*** Supplied data ***

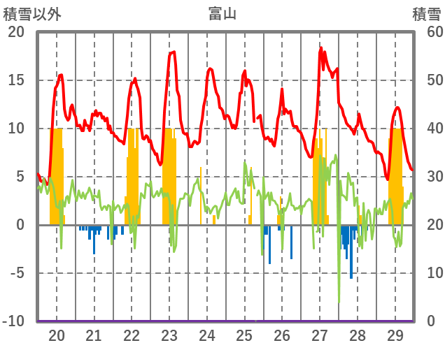 | 日 | 時 | 気温 | 降水 | 風向/風速 | 日照 | 積雪 | 降雪 |
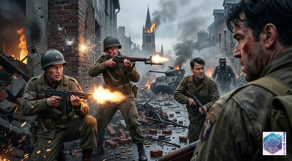 The sky over the fractured European town bleeds in suffocating hues of ash and cordite, torn apart by the relentless grind of close-quarters warfare. In what critics are already calling a visceral, heart-stopping masterpiece of combat cinema, the sanctuary of a peaceful street has been reduced to a jagged corridor of ruin. A burning cathedral spire casts frantic, flickering shadows over a battlefield where tactical manuals have been burned to cinders. As sparks rain down from shattered brick walls and allied armor stalls in the debris, a desperate unit of airborne infantry finds themselves pinned in the crosshairs of a faceless enemy. It is no longer a battle for strategic ground; it is a desperate, gasping fight for the man standing next to you.
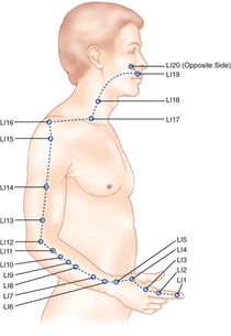 Large intestine’s physiologic functions that support your vitality and body hygiene by detoxifying the digestive system and subsequently relieving pain and congestion anywhere in the body, including the face, head, and neck. To achieve these welcomed health benefits the large intestine meridian does the following:

***

Word for word, print all of the data; skip the pictures.

*Task output:*
 | 日 | 時 | 気温 | 降水 | 風向/風速 | 日照 | 積雪 | 降雪 |
 The sky over the fractured European town bleeds in suffocating hues of ash and cordite, torn apart by the relentless grind of close-quarters warfare. In what critics are already calling a visceral, heart-stopping masterpiece of combat cinema, the sanctuary of a peaceful street has been reduced to a jagged corridor of ruin. A burning cathedral spire casts frantic, flickering shadows over a battlefield where tactical manuals have been burned to cinders. As sparks rain down from shattered brick walls and allied armor stalls in the debris, a desperate unit of airborne infantry finds themselves pinned in the crosshairs of a faceless enemy. It is no longer a battle for strategic ground; it is a desperate, gasping fight for the man standing next to you.
 Large intestine’s physiologic functions that support your vitality and body hygiene by detoxifying the digestive system and subsequently relieving pain and congestion anywhere in the body, including the face, head, and neck. To achieve these welcomed health benefits the large intestine meridian does the following:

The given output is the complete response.